* [REQUIRED WORK]:
Only the lines from the one that contains "Einige Meter weiter" to the last line below, both included, should be transcribed. Pictures stay out of the copy.

* [Collection entries]:

▬▬▬▬▬▬▬▬▬▬

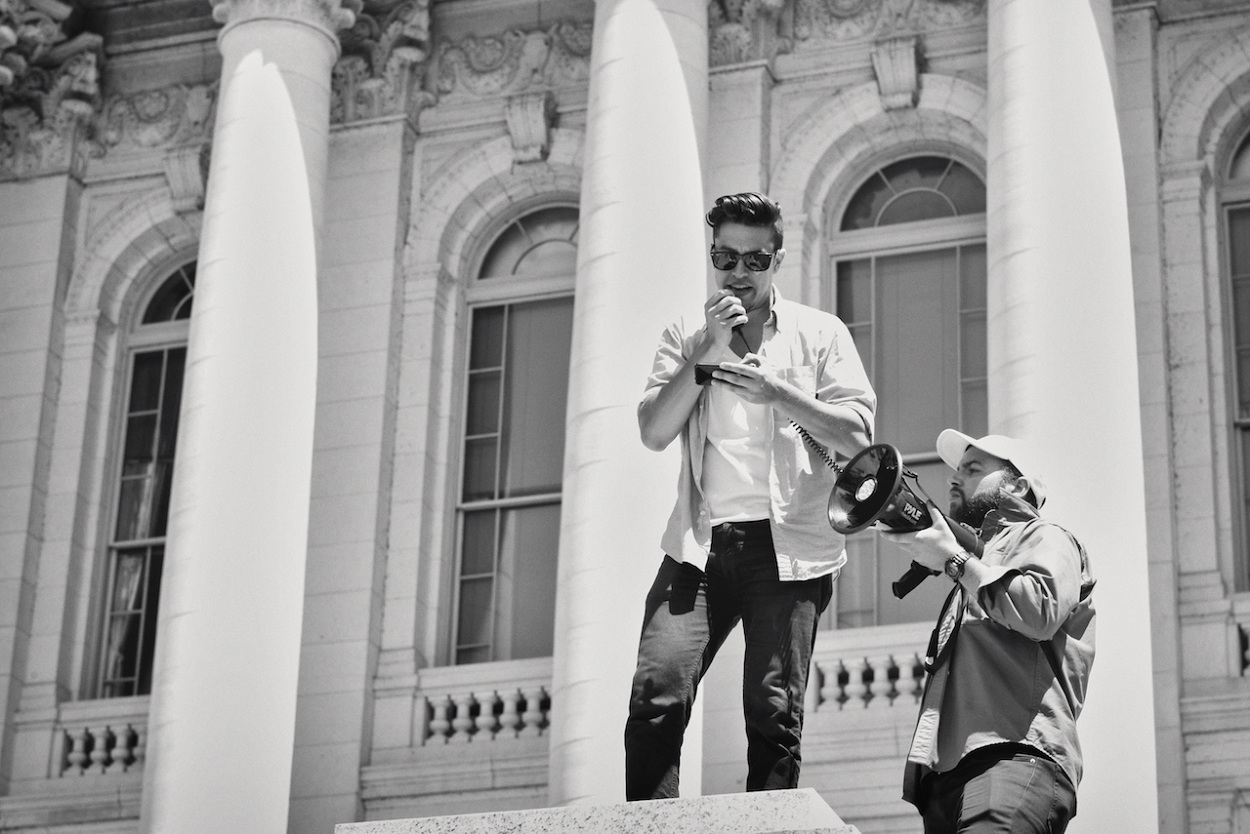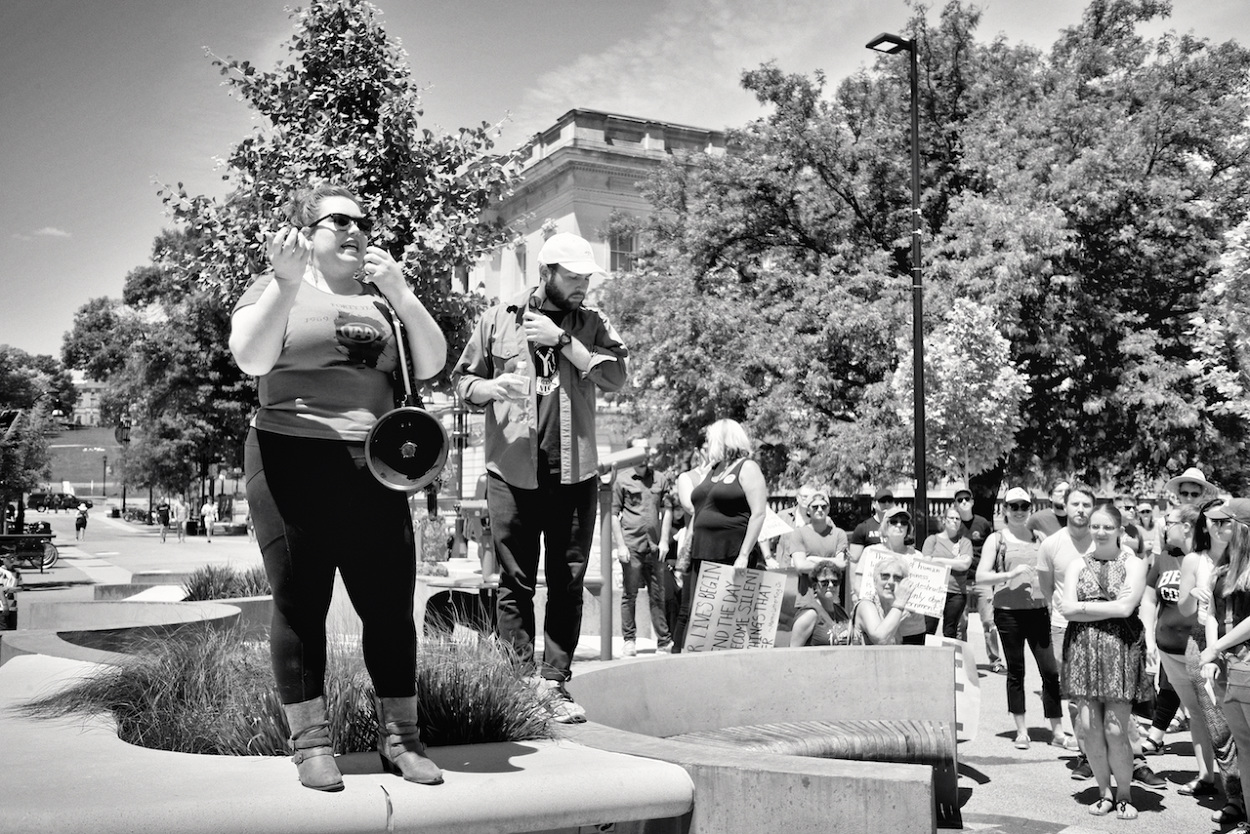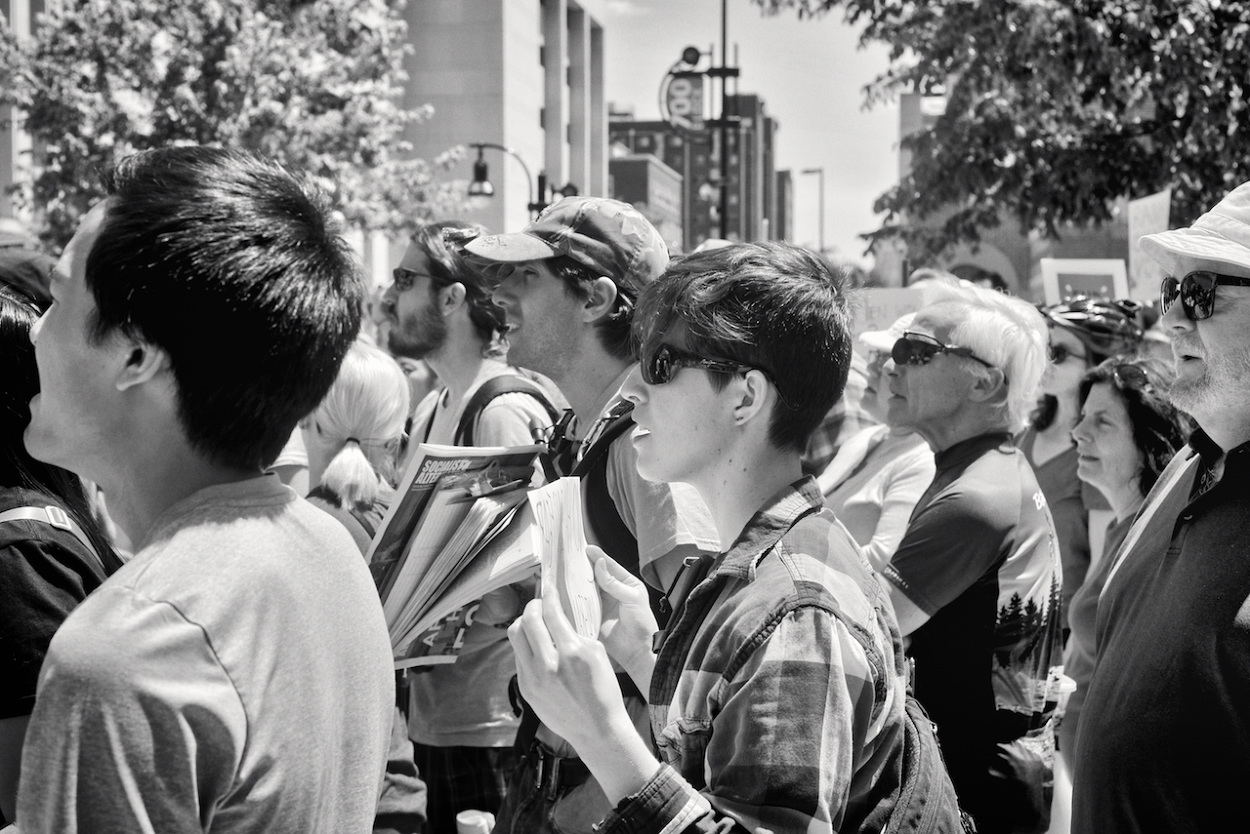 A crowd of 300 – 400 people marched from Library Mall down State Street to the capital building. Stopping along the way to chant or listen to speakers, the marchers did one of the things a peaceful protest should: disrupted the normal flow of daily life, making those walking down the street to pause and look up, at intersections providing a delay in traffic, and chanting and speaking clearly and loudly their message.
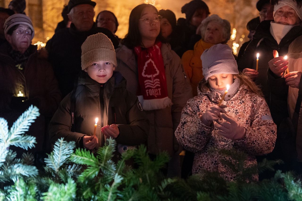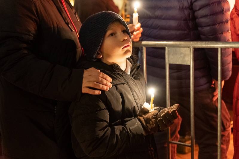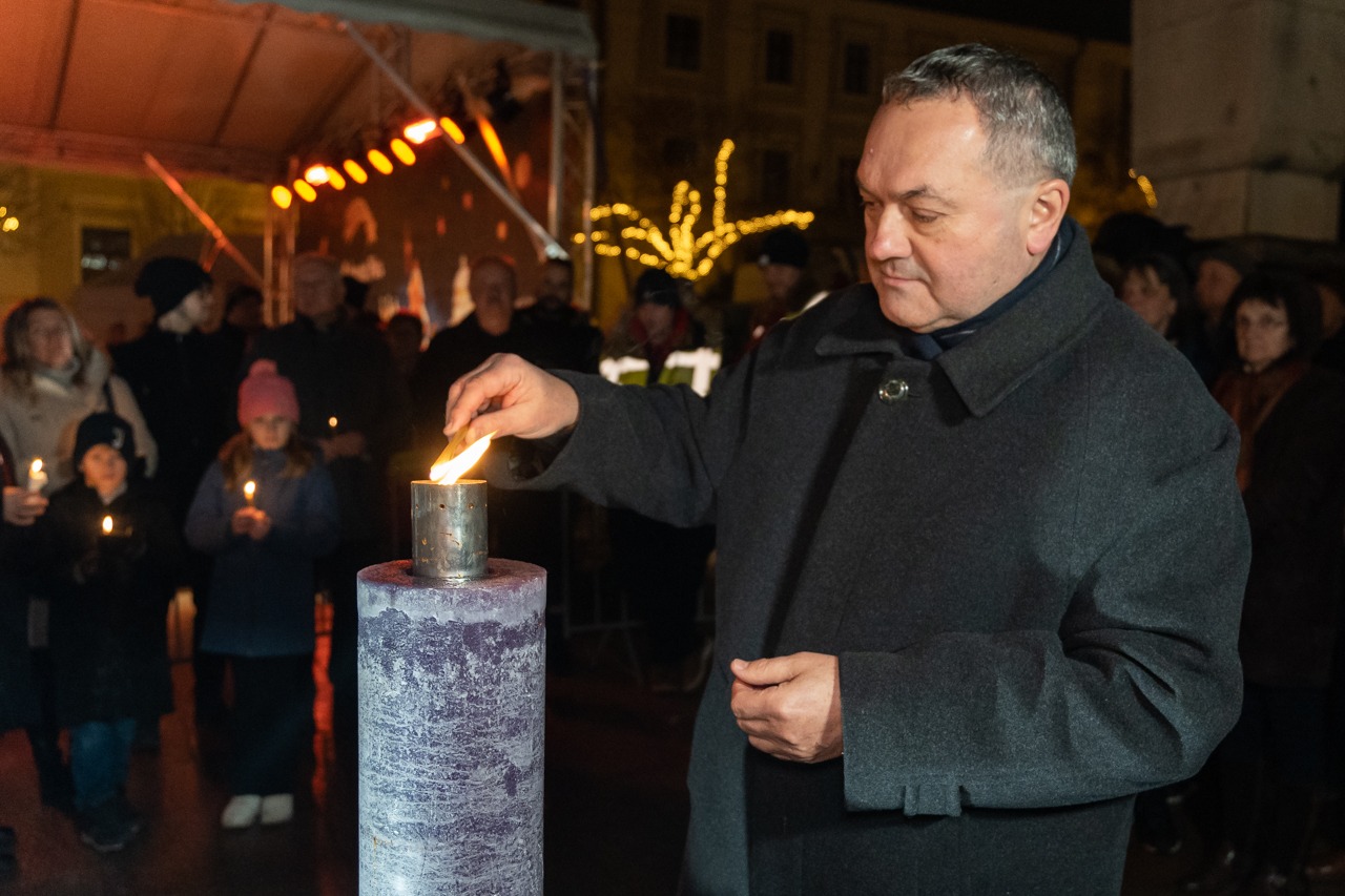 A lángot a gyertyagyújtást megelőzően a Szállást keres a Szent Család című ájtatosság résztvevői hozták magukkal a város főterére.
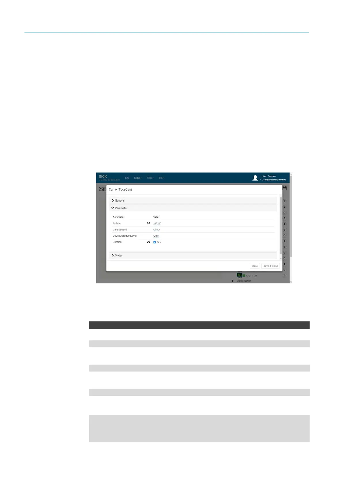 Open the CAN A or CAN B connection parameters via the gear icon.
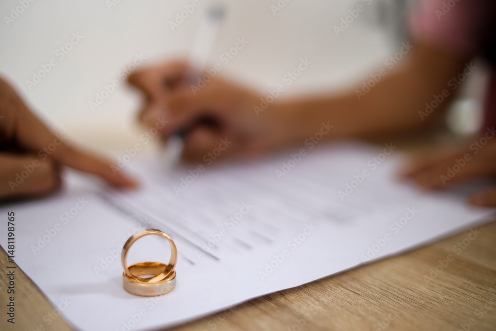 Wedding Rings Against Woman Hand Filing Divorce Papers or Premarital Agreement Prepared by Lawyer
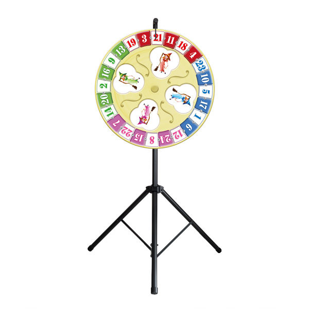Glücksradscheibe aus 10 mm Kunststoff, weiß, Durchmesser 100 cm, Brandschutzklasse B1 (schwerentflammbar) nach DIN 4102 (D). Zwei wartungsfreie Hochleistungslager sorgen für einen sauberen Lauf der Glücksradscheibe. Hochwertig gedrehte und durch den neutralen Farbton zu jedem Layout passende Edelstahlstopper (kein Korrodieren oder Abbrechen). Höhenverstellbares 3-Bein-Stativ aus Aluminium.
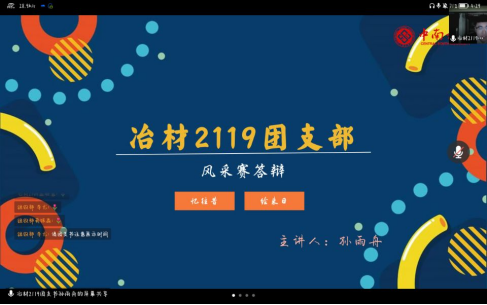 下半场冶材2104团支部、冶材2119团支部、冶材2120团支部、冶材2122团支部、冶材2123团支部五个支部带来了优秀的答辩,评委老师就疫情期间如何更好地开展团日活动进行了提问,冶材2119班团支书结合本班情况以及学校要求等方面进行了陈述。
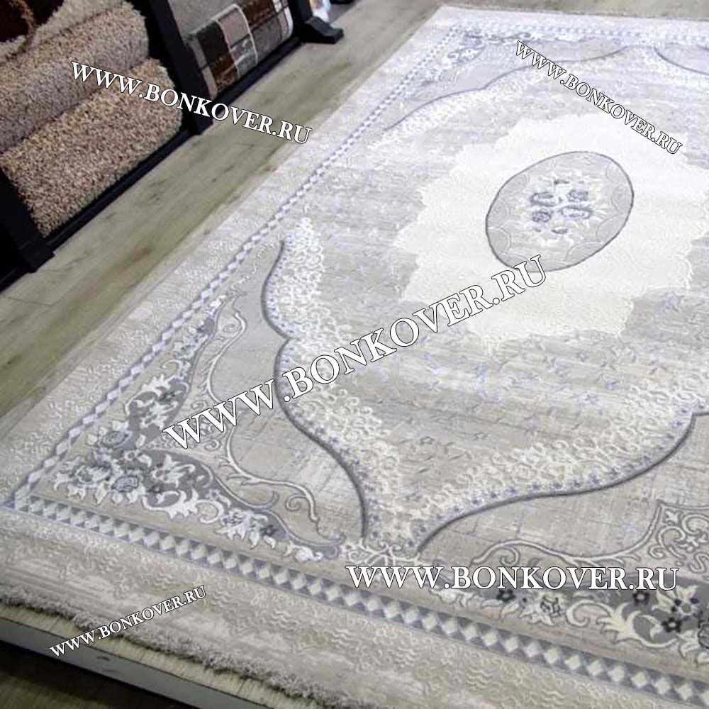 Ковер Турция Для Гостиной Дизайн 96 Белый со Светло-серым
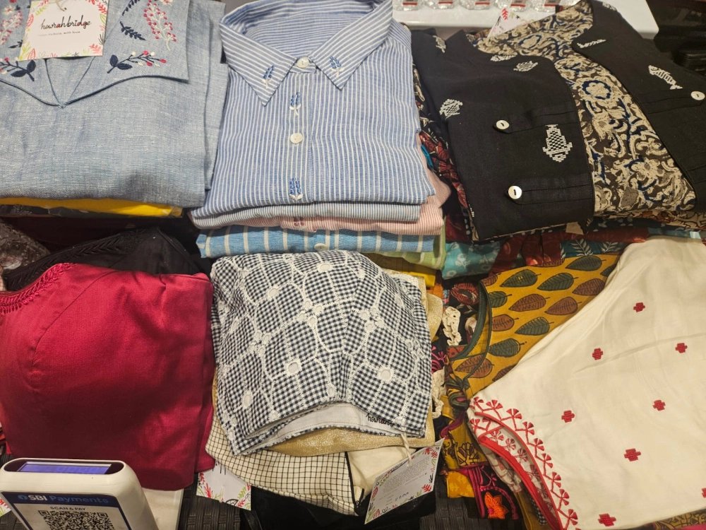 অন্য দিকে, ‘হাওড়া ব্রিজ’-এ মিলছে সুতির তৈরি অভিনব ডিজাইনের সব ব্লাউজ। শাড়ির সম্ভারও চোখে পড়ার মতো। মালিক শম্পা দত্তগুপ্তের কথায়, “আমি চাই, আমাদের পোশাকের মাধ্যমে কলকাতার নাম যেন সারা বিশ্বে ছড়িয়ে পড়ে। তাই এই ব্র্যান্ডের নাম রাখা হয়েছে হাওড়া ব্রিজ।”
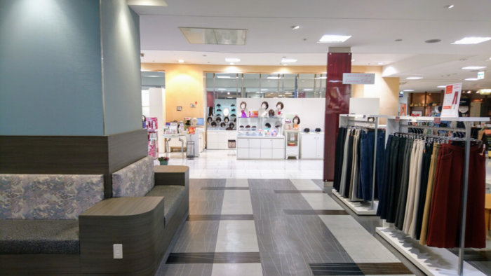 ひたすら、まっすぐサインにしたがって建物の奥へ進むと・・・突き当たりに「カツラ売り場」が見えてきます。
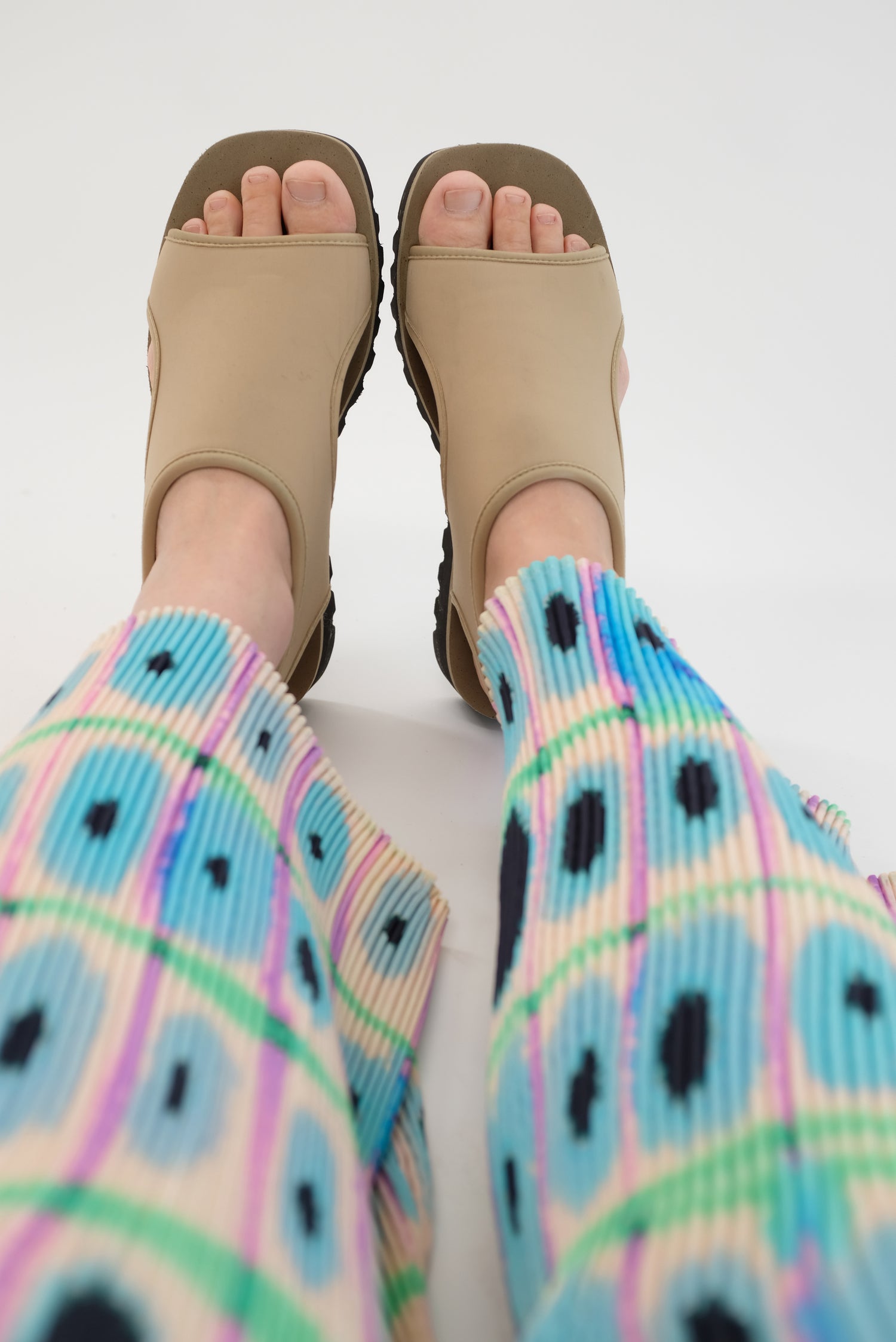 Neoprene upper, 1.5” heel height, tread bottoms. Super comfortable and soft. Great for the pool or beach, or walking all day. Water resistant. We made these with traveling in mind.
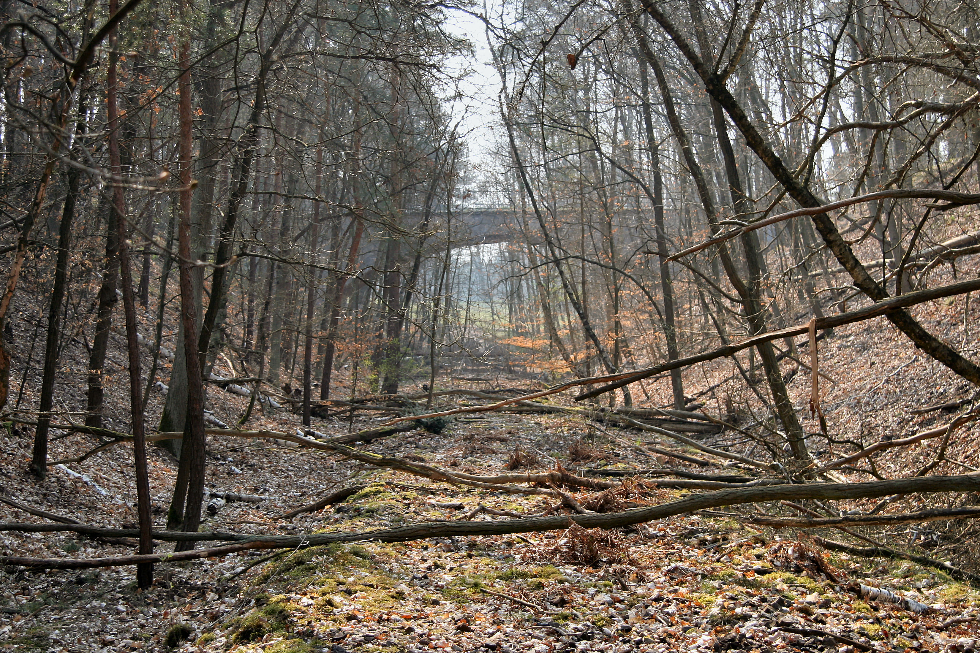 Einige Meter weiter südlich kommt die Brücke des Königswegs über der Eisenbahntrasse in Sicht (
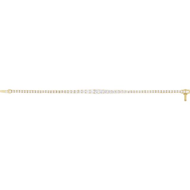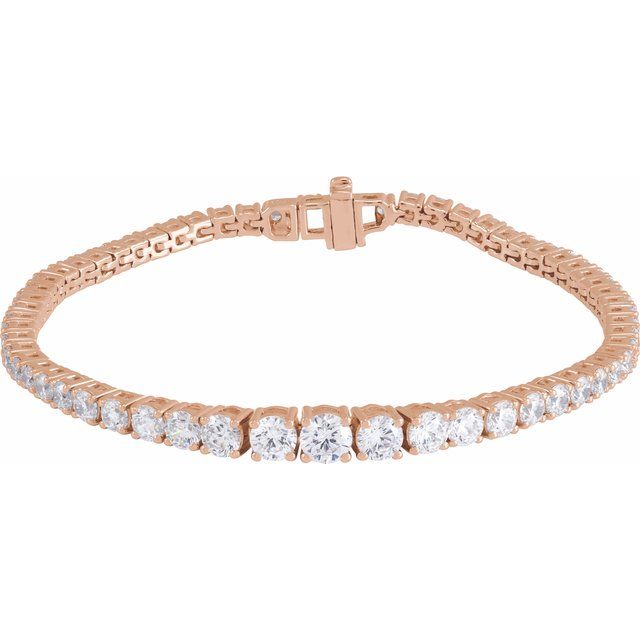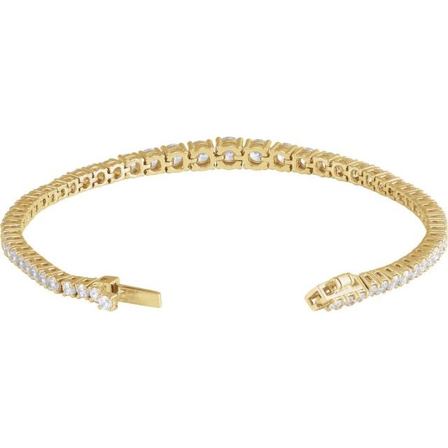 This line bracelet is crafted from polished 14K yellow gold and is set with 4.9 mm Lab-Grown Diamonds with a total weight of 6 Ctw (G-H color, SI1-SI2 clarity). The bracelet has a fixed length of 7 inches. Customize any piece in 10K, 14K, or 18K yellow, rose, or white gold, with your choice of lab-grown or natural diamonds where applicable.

▬▬▬▬▬▬▬▬▬▬

* [OUTPUT BELOW]:
 Einige Meter weiter südlich kommt die Brücke des Königswegs über der Eisenbahntrasse in Sicht (
 This line bracelet is crafted from polished 14K yellow gold and is set with 4.9 mm Lab-Grown Diamonds with a total weight of 6 Ctw (G-H color, SI1-SI2 clarity). The bracelet has a fixed length of 7 inches. Customize any piece in 10K, 14K, or 18K yellow, rose, or white gold, with your choice of lab-grown or natural diamonds where applicable.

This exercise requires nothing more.